* Requirement: From the entries below, reproduce exactly the lines from the one with "[다잇템]여자 FW 니트 롱 박시핏 환절기 박시 가디건 (19285799A)" through the one with "Once Publish has", both included, without images.

* Supplied material:
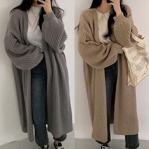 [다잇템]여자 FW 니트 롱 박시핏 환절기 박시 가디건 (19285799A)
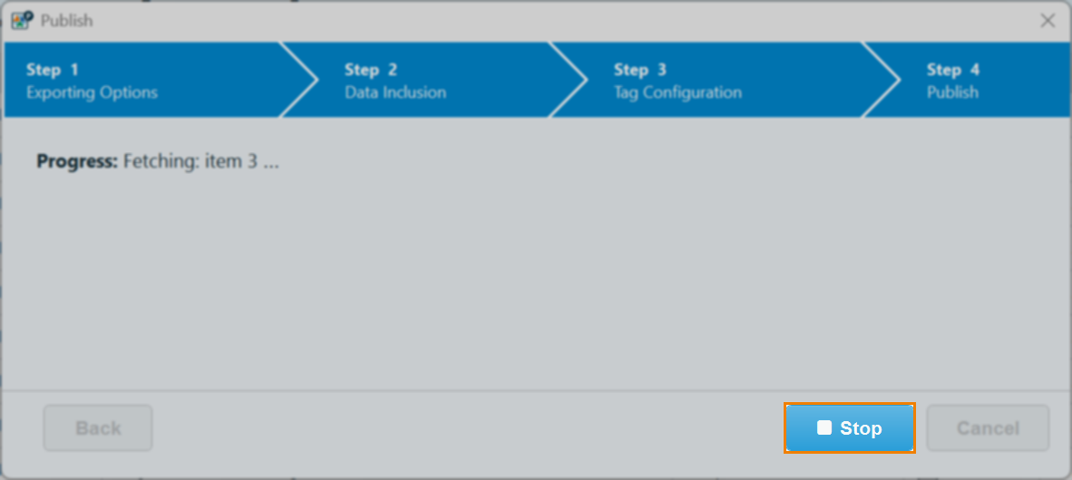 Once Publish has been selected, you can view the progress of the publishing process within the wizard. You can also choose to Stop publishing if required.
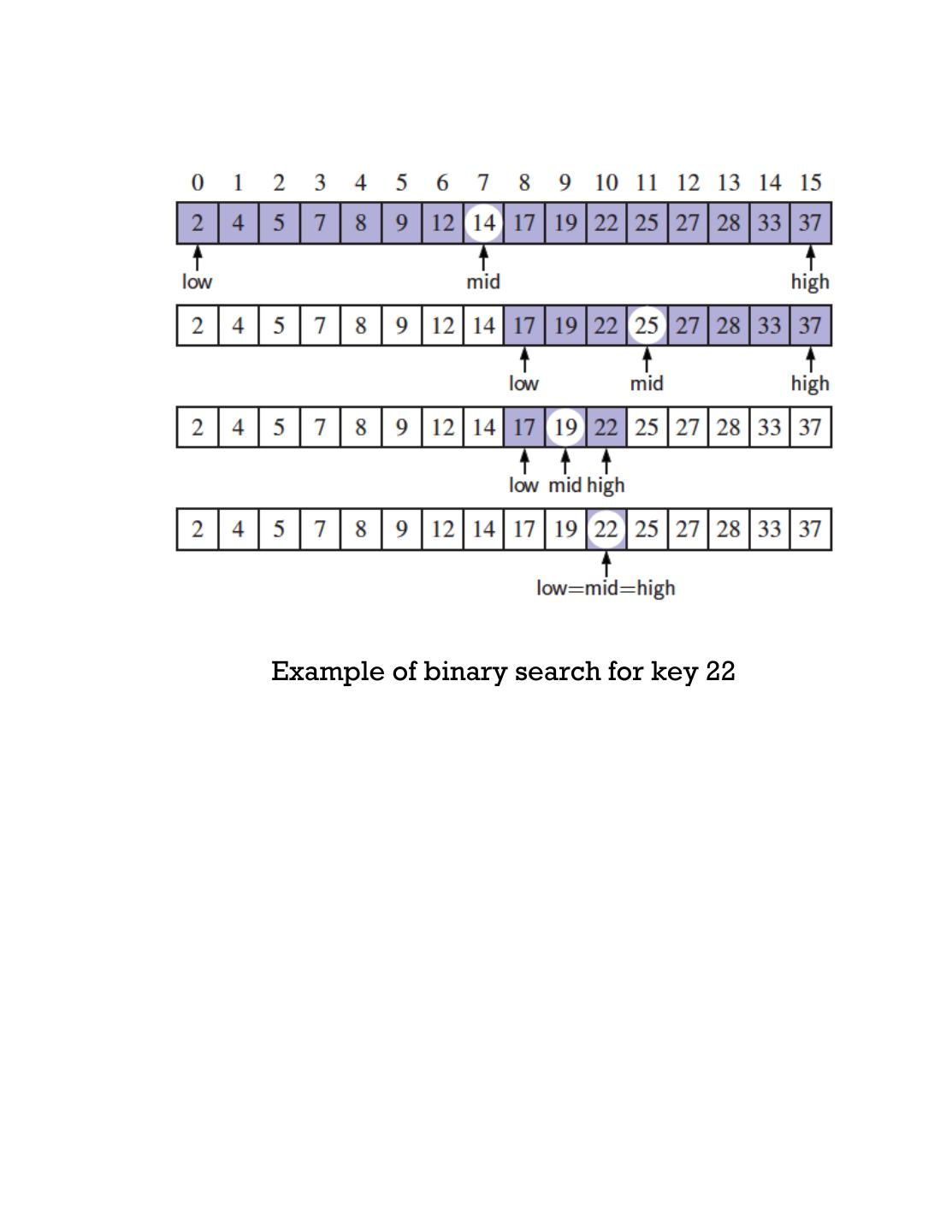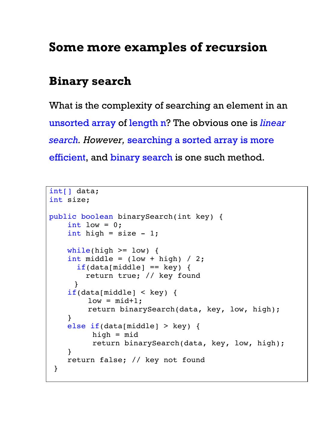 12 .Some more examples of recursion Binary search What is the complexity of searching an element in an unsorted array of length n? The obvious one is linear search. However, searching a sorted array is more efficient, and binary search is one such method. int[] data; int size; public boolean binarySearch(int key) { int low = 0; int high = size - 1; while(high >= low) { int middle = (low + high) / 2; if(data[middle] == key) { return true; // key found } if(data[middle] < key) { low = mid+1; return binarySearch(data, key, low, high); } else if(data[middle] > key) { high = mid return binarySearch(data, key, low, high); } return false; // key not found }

---

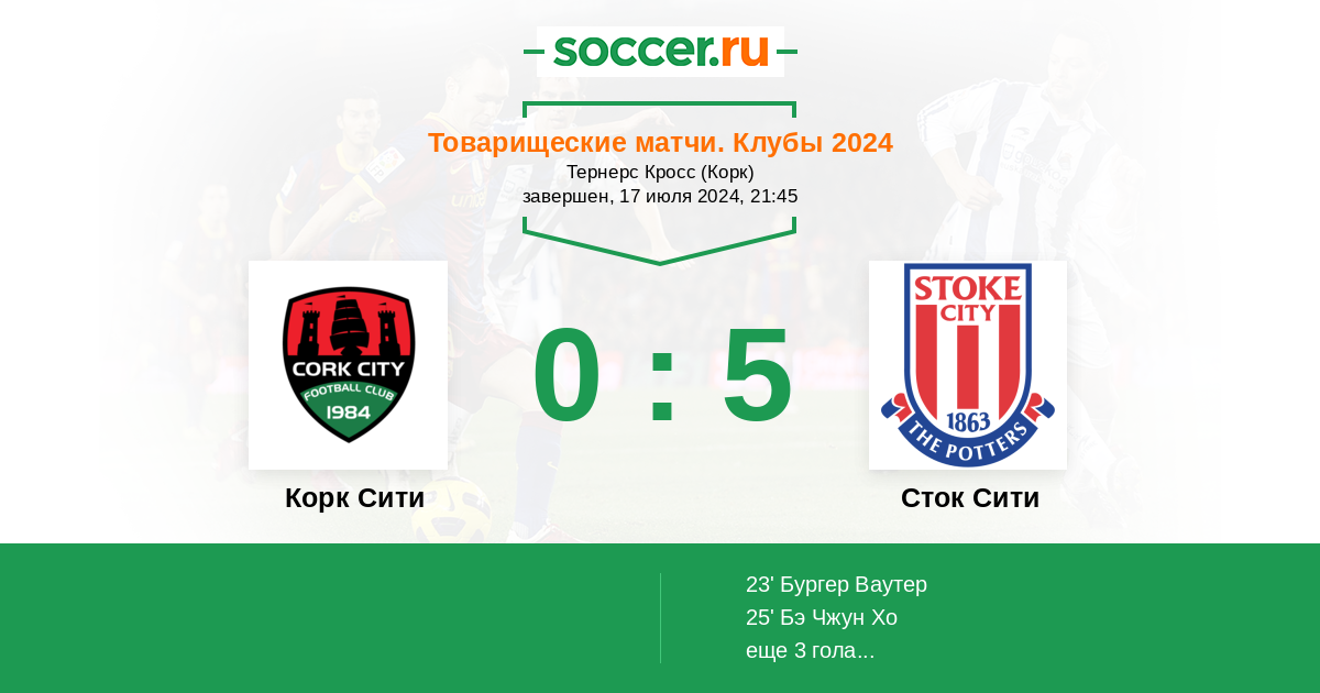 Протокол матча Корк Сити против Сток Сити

* * *

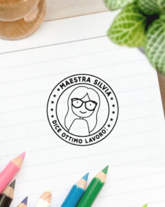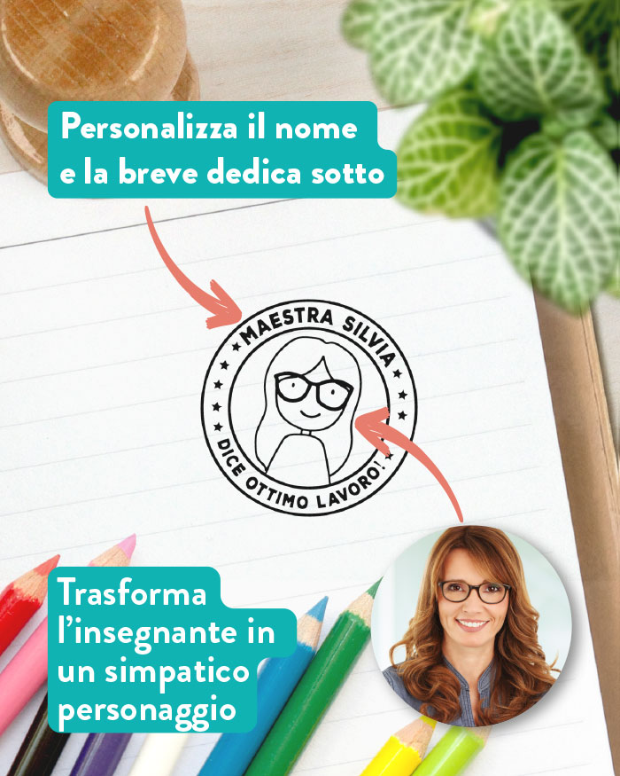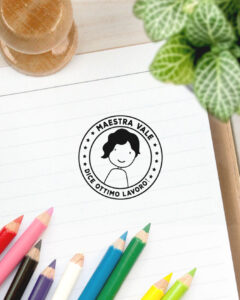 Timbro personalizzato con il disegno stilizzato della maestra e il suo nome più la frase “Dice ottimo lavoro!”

* Task answer:
 [다잇템]여자 FW 니트 롱 박시핏 환절기 박시 가디건 (19285799A)
 Once Publish has been selected, you can view the progress of the publishing process within the wizard. You can also choose to Stop publishing if required.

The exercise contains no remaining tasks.